Start of DATASET RECORDS
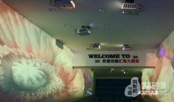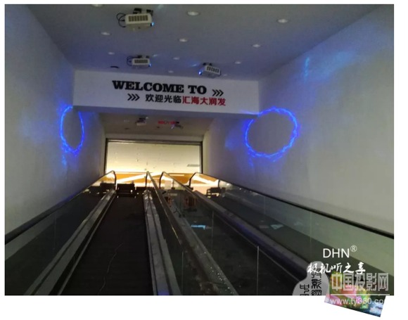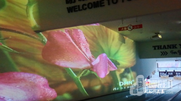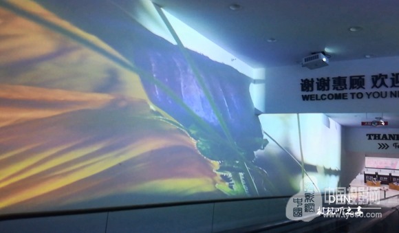 為支持每天長達7小時以上的營業時間,不同時間段展示不同主題,采用10臺DHN-DM350X短焦投影機,分別搭配2臺迪碩(DISO)- DK517、 DW705-3純硬件邊緣融合器,在電梯兩邊墻面分別投16:3投影畫面,并放映同期主題片源,搭配其他附件,整體實現左右墻面聯動。當顧客入超市前,駐足的同時即可視界享受。
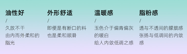 甜白似乳 : 如油脂那样的奶白色,带有滋润柔和的视觉享受。
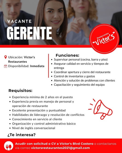 Acudir con solicitud o CV a Víctor's Blvd Costero o contáctanos vía correo victorsrestaurantes2021@gmail.com
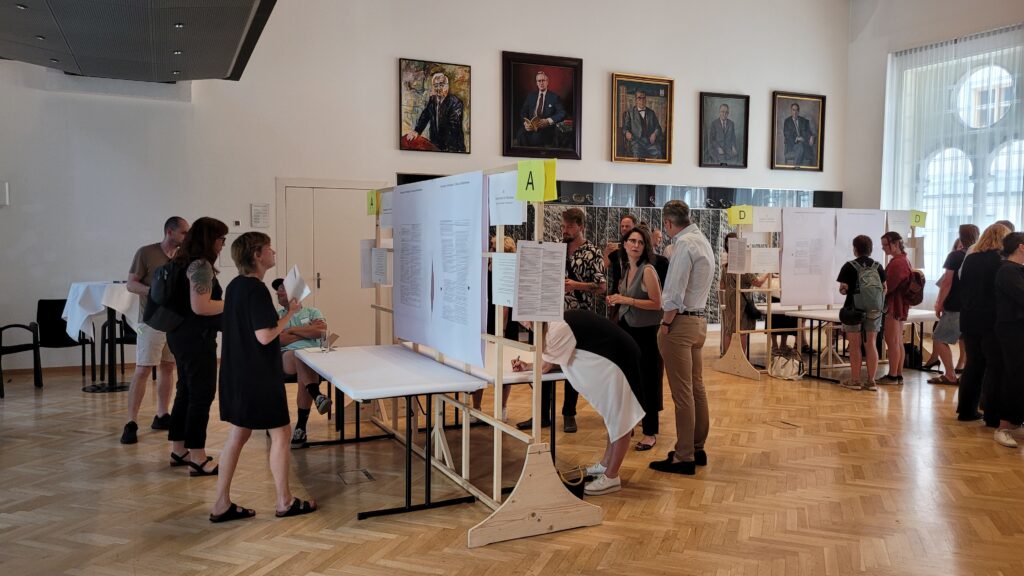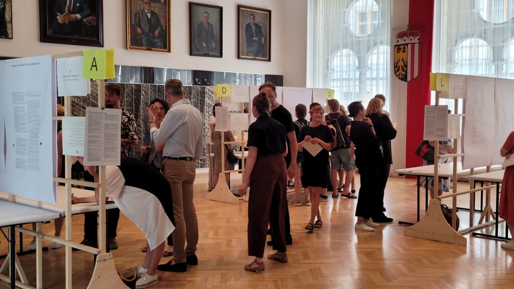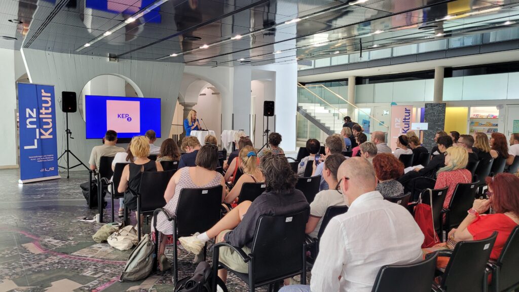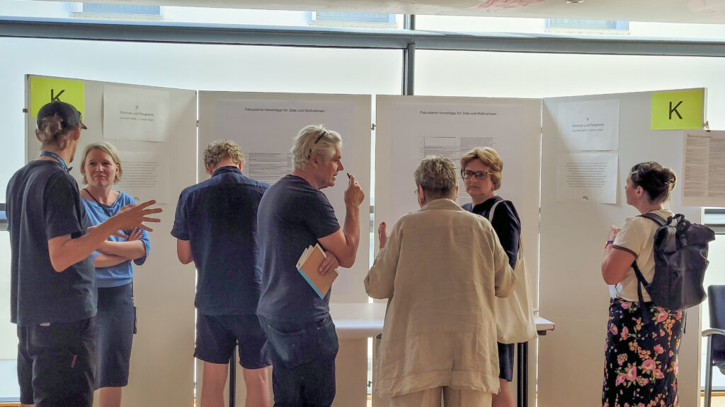 26.6.2025 // Trotz hochsommerlicher Temperaturen nahmen über 70 Persönlichkeiten aus Kunst und Kultur am KEP3-World-Café teil, um möglichst viele Perspektiven in den KEP3-Erabeitungsprozess einfließen zu lassen und diesen laufend zu vertiefen. An 13 Stationen wurden als Zwischenergebnisse jene Ziele und Maßnahmen präsentiert, die im April und Mai in Fokusgruppen diskutiert und vorausgewählt wurden. Das World Café bot den Rahmen, sich über diese fokussierten Ziele und Maßnahmen auszutauschen, Kommentare und Ergänzungen vorzunehmen sowie jene Vorschläge zu kennzeichnen, die einem besonders am Herzen liegen.
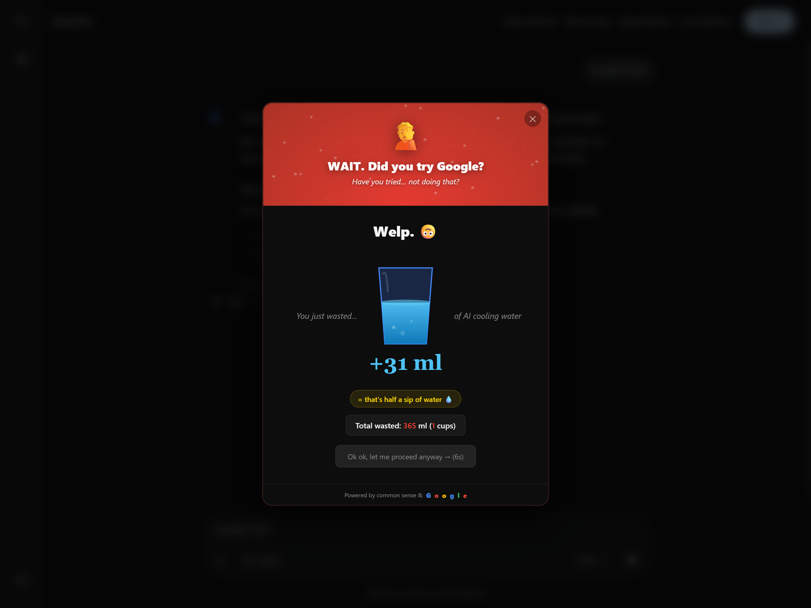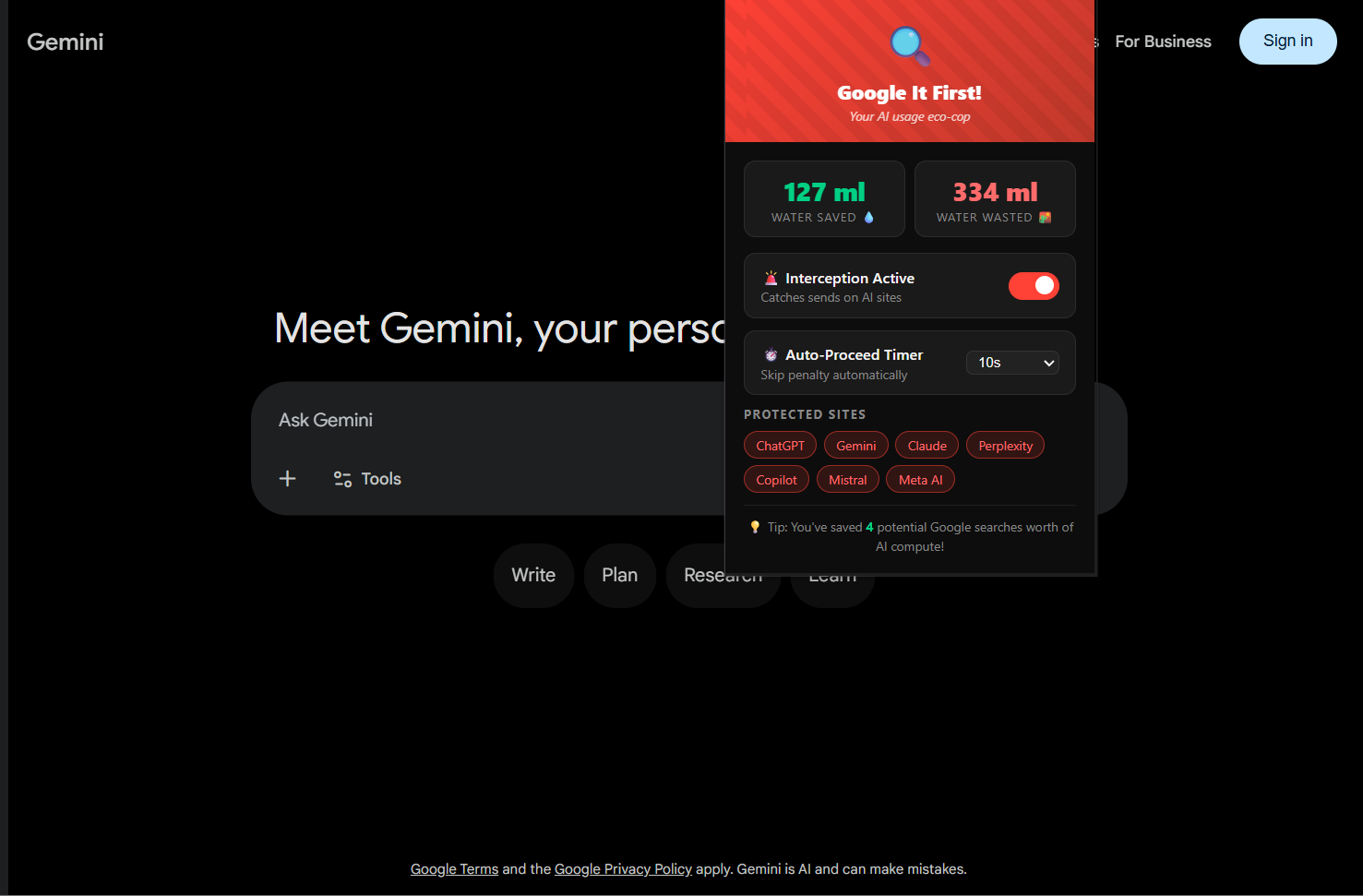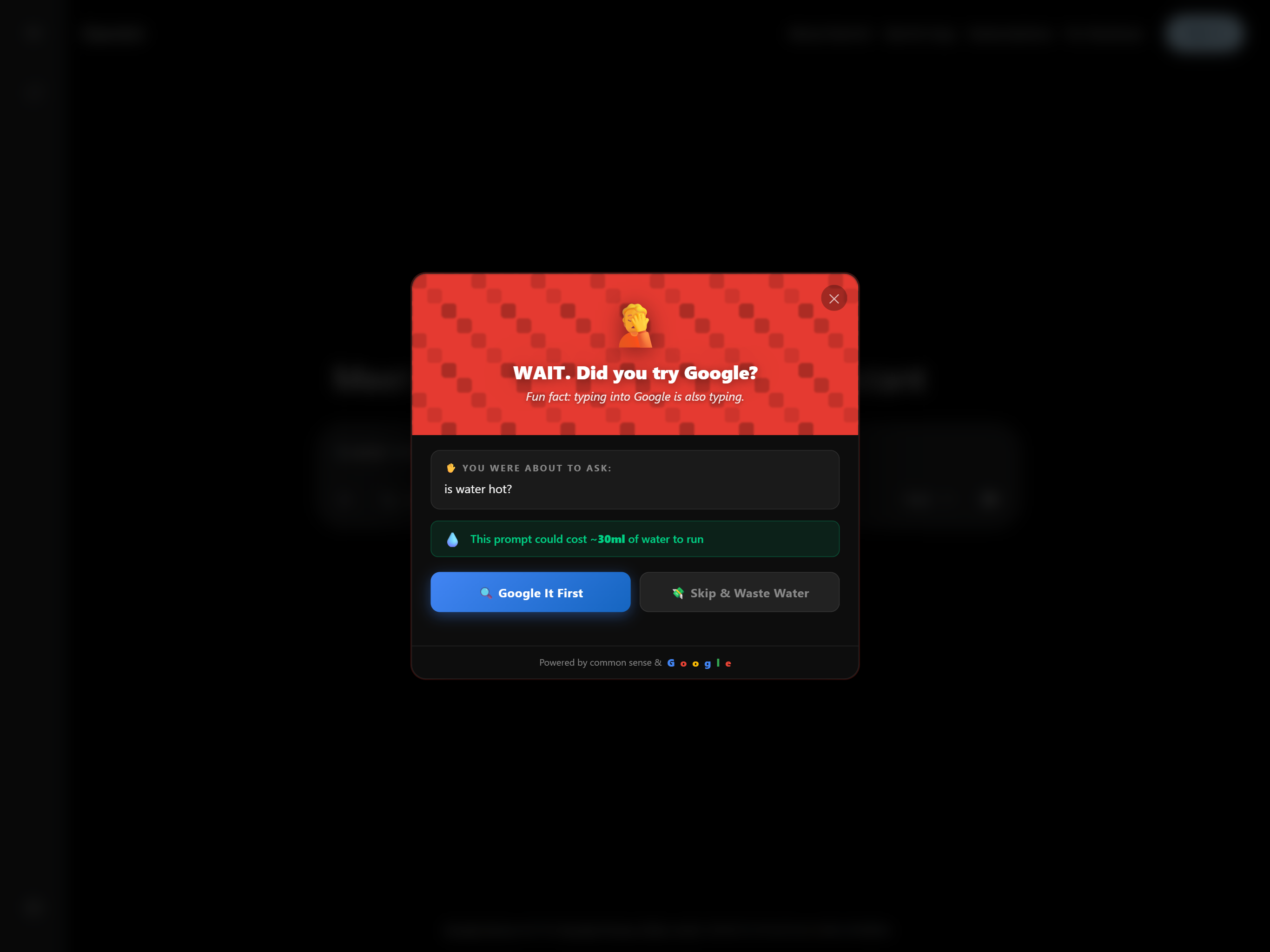 Google It First! is an eco-friendly Chrome Extension built for Earth Day 2026 to reduce the massive water footprint left by unnecessary LLM queries. It actively monitors major AI platforms (ChatGPT, Gemini, Claude, etc.) and intercepts user prompts. Using a local NLP model, it classifies whether a query requires an LLM or can be answered via a traditional search. If a search is sufficient, it displays an interactive overlay with inline DuckDuckGo results, saving data center cooling water. It also features a tracking dashboard and fun "guilt-trip" penalty animations for bypassing.
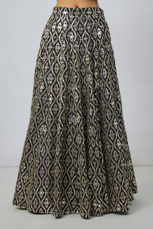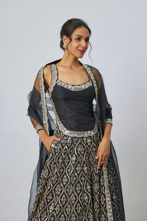 Featuring blouse with intricate embroidery along the neckline and straps. Paired with it is a voluminous lehenga adorned with mirror work and geometric patterns, creating a striking visual impact. The look is completed with a net dupatta, subtly embellished with accents for a graceful touch.
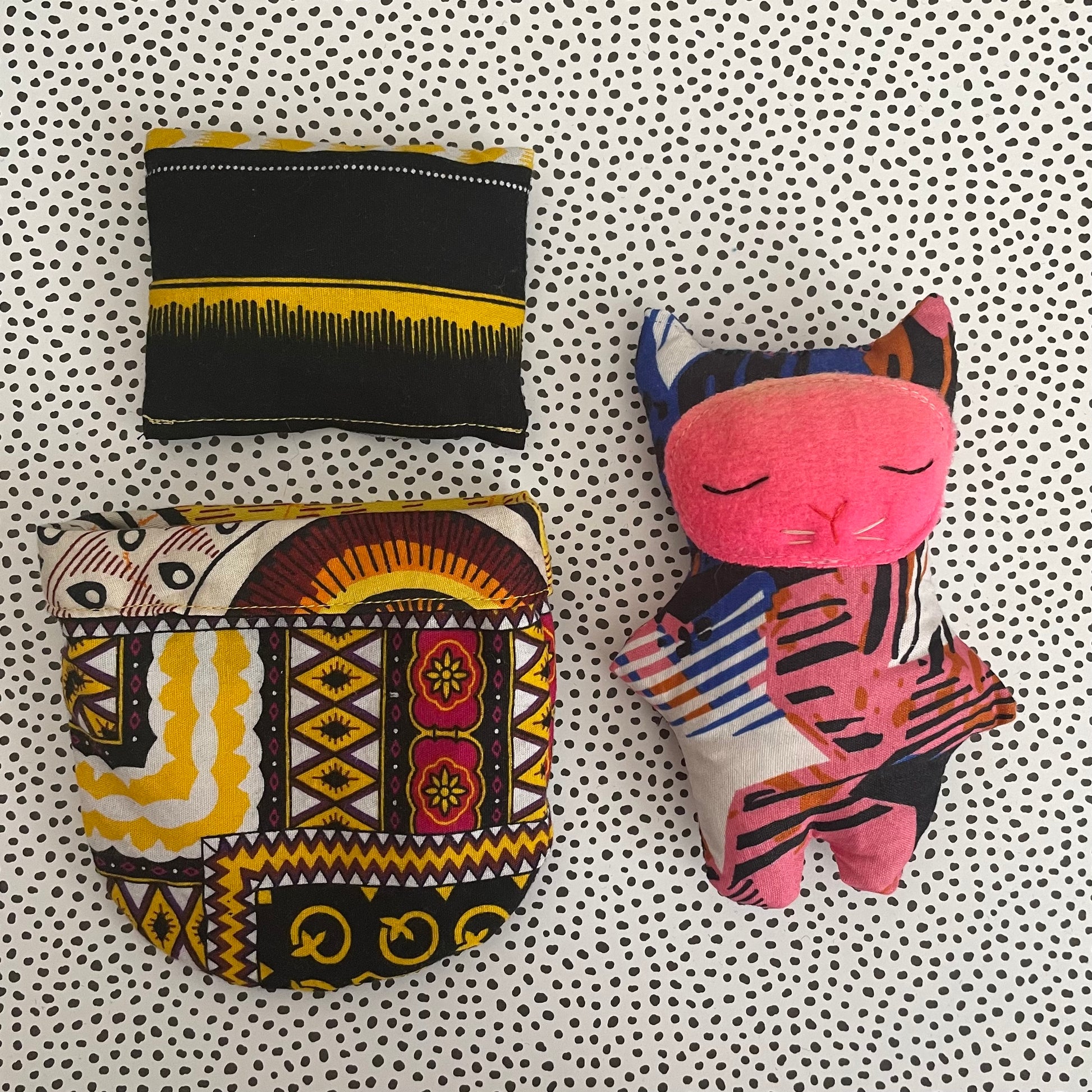 This Happy Vibes Kitty sleeping set is handmade and filled with fabric remnants. Face is hand painted. Set comes with a kitty, a pillow, and a reversible blanket.
End of DATASET RECORDS
EXERCISE: Everything from the top line of the data down to and including the line with "Acudir con solicitud" is to be copied, except the pictures.

RESPONSE FOR THIS EXERCISE:
 為支持每天長達7小時以上的營業時間,不同時間段展示不同主題,采用10臺DHN-DM350X短焦投影機,分別搭配2臺迪碩(DISO)- DK517、 DW705-3純硬件邊緣融合器,在電梯兩邊墻面分別投16:3投影畫面,并放映同期主題片源,搭配其他附件,整體實現左右墻面聯動。當顧客入超市前,駐足的同時即可視界享受。
 甜白似乳 : 如油脂那样的奶白色,带有滋润柔和的视觉享受。
 Acudir con solicitud o CV a Víctor's Blvd Costero o contáctanos vía correo victorsrestaurantes2021@gmail.com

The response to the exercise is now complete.